Ana de las Tejas Verdes · L. M. Montgomery
Capítulo XIII — Los placeres de la anticipación
Capítulo 13 de 38 · 7 min de lectura
Ya es hora de que Ana entre a hacer su costura —dijo Marilla, mirando el reloj y luego hacia la amarilla tarde de agosto, donde todo dormitaba bajo el calor—. Se quedó jugando con Diana más de media hora después de lo que le permití; y ahora está allá afuera, encaramada en la pila de leña, hablando con Matthew sin parar, cuando sabe perfectamente bien que debería estar trabajando. Y, por supuesto, él la escucha como un completo tonto. Nunca vi a un hombre tan encandilado. Mientras más habla y más extrañas son las cosas que dice, más encantado parece él. Ana Shirley, ¡entra aquí ahora mismo, me oyes!
Una serie de golpecitos secos en la ventana del oeste hizo que Ana entrara volando desde el patio, con los ojos brillantes, las mejillas levemente sonrojadas y el cabello suelto cayendo tras ella como una cascada de luz.
—¡Oh, Marilla! —exclamó sin aliento—, la próxima semana habrá un picnic de la escuela dominical, en el campo del señor Harmon Andrews, justo cerca del Lago de las Aguas Resplandecientes. Y la señora Superintendente Bell y la señora Rachel Lynde van a hacer helado... ¡imagínate, Marilla, helado! Y, oh, Marilla, ¿puedo ir?

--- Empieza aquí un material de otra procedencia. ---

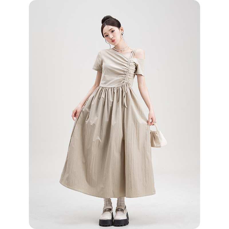 收腰连衣裙2024夏新款 法式 王楚然同款 女 朗姿三醋酸Basic衣橱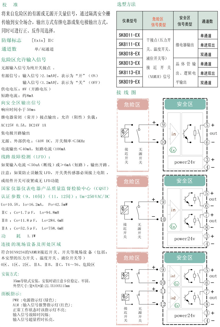 SK8011-EX,SK8111-EX,SK8018-EX,SK8013-EX,SK8113-EX,SK8019-EX,SK,开关量入检测端隔离安全栅
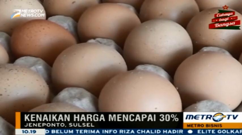 Metrotvnews.com: Menjelang Natal dan Tahun Baru, harga kebutuhan pokok di sejumlah daerah mulai merangkak naik. Di Jeneponto-Sulawesi Selatan harga telur naik hingga 30%, kenaikan ini disebabkan kurangnya pasokan baik dari pengusaha ayam petelur dari dalam maupun luar daerah. Cek Berita dan Artikel yang lain di Google News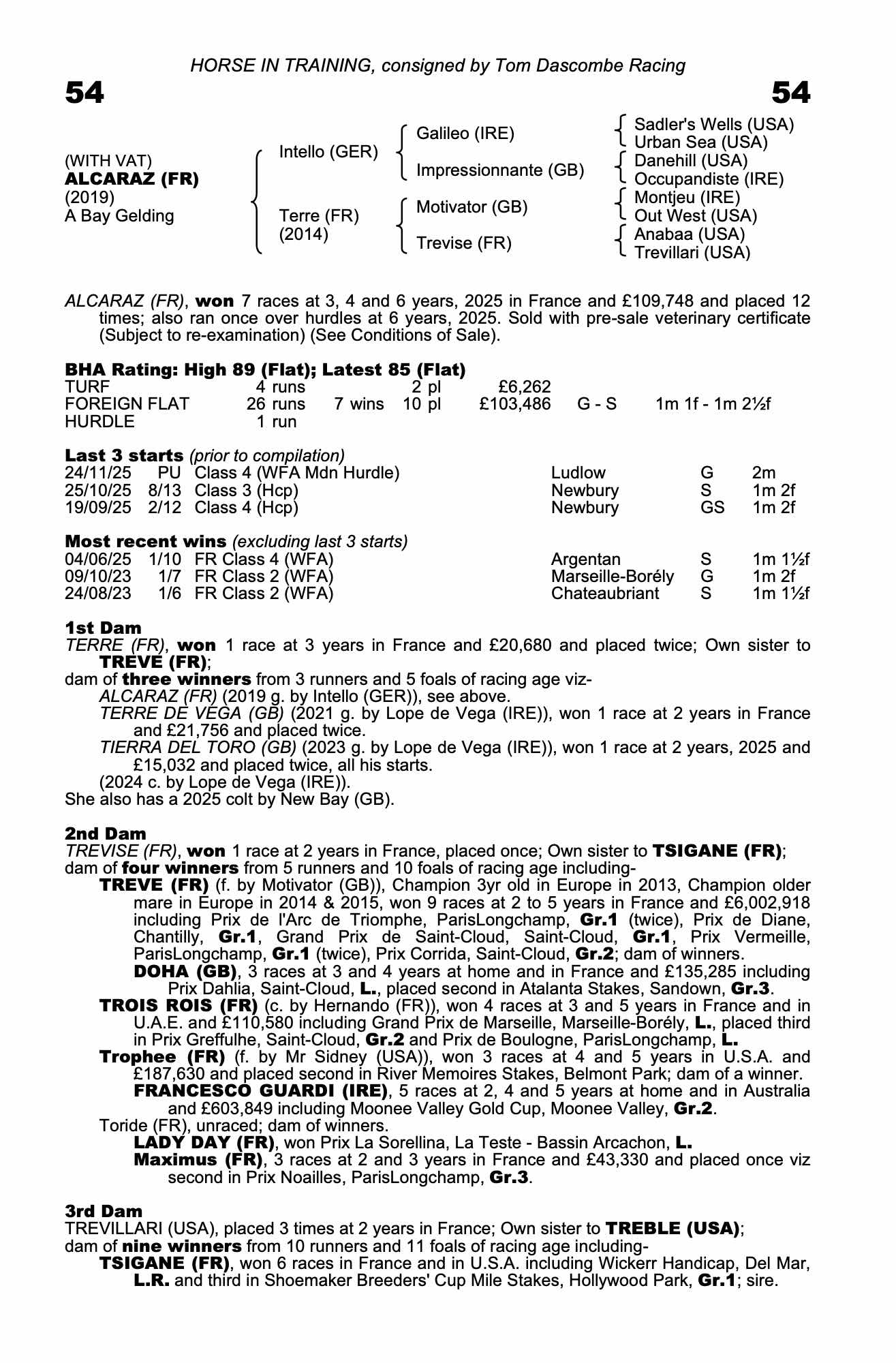 Online Sale - 13th August 2025 lot 95 Terre de Vega (GB) (G. by Lope de Vega (IRE)), Athassel House Stud, Ireland (P. Twomey)=>Fairview Stable 3,600 gns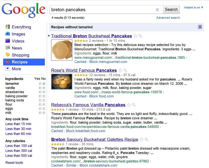 Mais où s’arrêtera donc Google ? Depuis hier, 24 février, le moteur (dans sa version américaine seulement) propose une nouvelle option à ses visiteurs : la recherche de recettes de cuisine. La fonction est disponible dans la colonne de gauche. Elle permet non seulement de filtrer les résultats pour n’afficher que les recettes, mais offre aussi quelques options supplémentaires : il est possible d’affiner la recherche en sélectionnant les ingrédients à utiliser ou à bannir, le temps nécessaire et la quantité de calories du plat.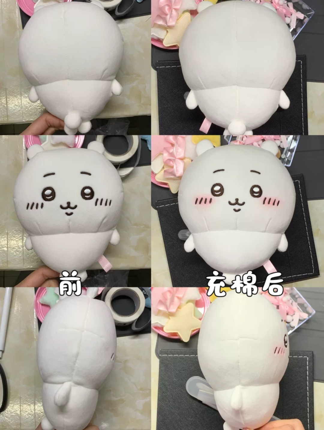 由于毛绒玩偶的棉花填充物的性质,加之品控的问题,一些chiikawa粉丝在买到周边后会或自己主动上手或找人帮忙DIY,将公仔的身体填充得更加饱满可爱。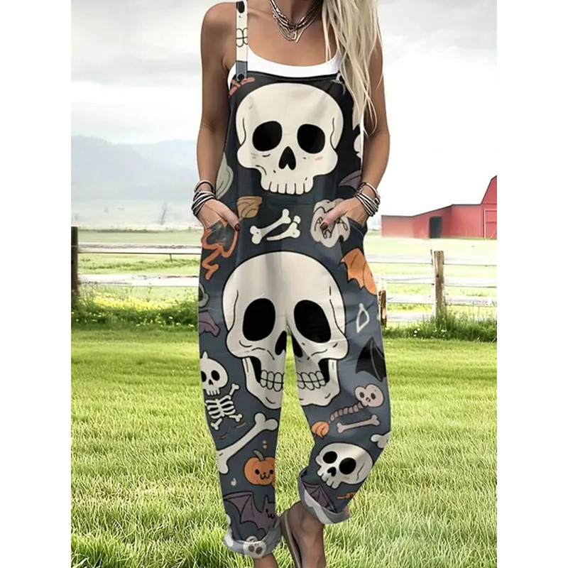 Women's Dungarees Active Floral Sleeveless Sleeveless Straight Square Neck Pocket with Pocket Vacation Daily Loose Fit White Pink Green Summer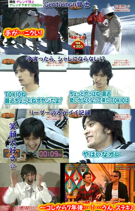 某掲示板で出てた「ガチンコ!」ネタ。やっぱり見たくなって見ちゃいましたよ。そして同じディスクに入ってた他の回も合わせて見ちゃった。2003年1月2月頃。ちょうど初TOKIOライブの直前だったから、「オヤジ番付」最下位のリーダーへの罰ゲーム、オーラスをパンチパーマでっていうのを、ある意味楽しみにしてたのに、やっぱり、やらなかったのよね~、当然ながら。MCでも全然触れなかったから、ナンで?と思ったことを覚えています。「5LDK」智也の声を聴くチャンスが少なかったね~。。「チョー大好きなナンだね~♪」言い方が可愛かったなぁ~♪ゲストは上3人の方ばかり向いて話してたけど、話しやすいから??

—Mira el reloj, por favor, Ana. ¿A qué hora te dije que entraras?
—A las dos... pero, ¿no es maravilloso lo del picnic, Marilla? ¿Puedo ir, por favor? Oh, nunca he ido a un picnic... he soñado con picnics, pero nunca...
—Sí, te dije que entraras a las dos. Y son las tres menos cuarto. Me gustaría saber por qué no me obedeciste, Ana.
—Pues, tenía la intención, Marilla, de verdad. Pero no tienes idea de lo fascinante que es Idlewild. Y, claro, tenía que contarle a Matthew lo del picnic. Matthew es un oyente tan comprensivo. ¿Puedo ir, por favor?
—Tendrás que aprender a resistir la fascinación de Idle-como-se-llame. Cuando te digo que entres a cierta hora, me refiero a esa hora y no media hora después. Y tampoco tienes que detenerte a conversar con oyentes comprensivos en el camino. En cuanto al picnic, por supuesto que puedes ir. Eres alumna de la escuela dominical, y no es probable que te niegue ir cuando todas las demás niñas van a ir.
—Pero... pero —titubeó Ana—, Diana dice que todos deben llevar una canasta con cosas para comer. Yo no sé cocinar, como sabes, Marilla, y... y... No me molesta tanto ir a un picnic sin mangas abullonadas, pero me sentiría terriblemente humillada si tuviera que ir sin una canasta. Me ha estado preocupando desde que Diana me lo dijo.
—Bueno, ya no tienes por qué preocuparte. Yo te prepararé una canasta.
—Oh, querida y buena Marilla. Eres tan amable conmigo. Estoy tan agradecida contigo.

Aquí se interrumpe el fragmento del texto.